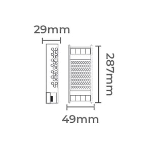 Especificações Gerais do Produto: Dimensões AxLxP (mm): 29x287x49 Garantia: 1 ano junto ao fabricante Referência: 7195 Grau de Proteção: IP 20 Dimerizável: Sim Saída: DC24V Entrada: AC127V Protocolo: TRIAC | 0-10V Local de Uso: Interno Corrente Nominal: 6,25A / 150W Fator de Potência: Maior que ou Igual 0,55 Cor da Luz: Única
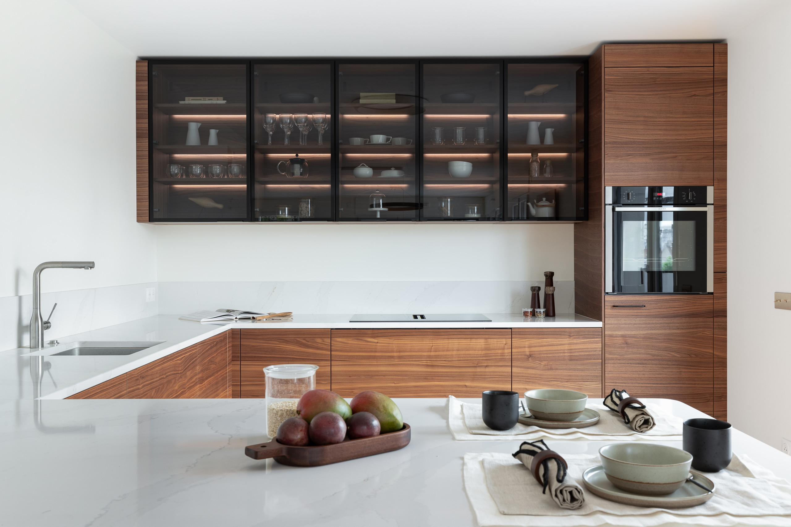 C’est au cœur du quartier prisé de Montmartre que eba s’est donnée pour mission de transformer une cuisine de 13 m² en un espace ouvert sur la salle à manger et le salon. Dans cette pièce baignée par la lumière naturelle et surplombant la Ville Lumière, le projet était de concevoir une cuisine haut de gamme aussi élégante que fonctionnelle. Le choix d’un bois de Noyer Américain s’est tout de suite imposé pour les façades des meubles bas et de la colonne. Matériau chaleureux par essence, le bois crée une atmosphère propice au partage et à la convivialité de sa seule présence. On craque également pour son veinage unique à la teinte ambrée que vient souligner l’absence de poignée.
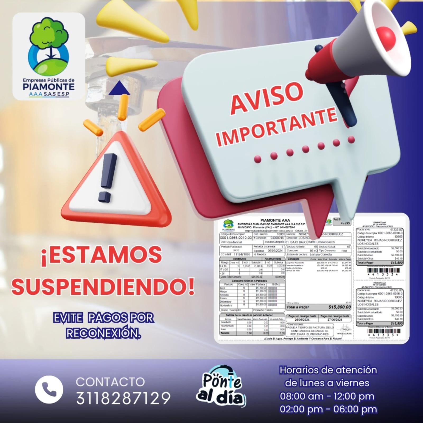 Aviso de Suspensión por no pago oportuno
________________________
**What is needed**
Every line above goes into the copy unchanged; the pictures do not.

**Response to the task**
 Especificações Gerais do Produto: Dimensões AxLxP (mm): 29x287x49 Garantia: 1 ano junto ao fabricante Referência: 7195 Grau de Proteção: IP 20 Dimerizável: Sim Saída: DC24V Entrada: AC127V Protocolo: TRIAC | 0-10V Local de Uso: Interno Corrente Nominal: 6,25A / 150W Fator de Potência: Maior que ou Igual 0,55 Cor da Luz: Única
 C’est au cœur du quartier prisé de Montmartre que eba s’est donnée pour mission de transformer une cuisine de 13 m² en un espace ouvert sur la salle à manger et le salon. Dans cette pièce baignée par la lumière naturelle et surplombant la Ville Lumière, le projet était de concevoir une cuisine haut de gamme aussi élégante que fonctionnelle. Le choix d’un bois de Noyer Américain s’est tout de suite imposé pour les façades des meubles bas et de la colonne. Matériau chaleureux par essence, le bois crée une atmosphère propice au partage et à la convivialité de sa seule présence. On craque également pour son veinage unique à la teinte ambrée que vient souligner l’absence de poignée.
 Aviso de Suspensión por no pago oportuno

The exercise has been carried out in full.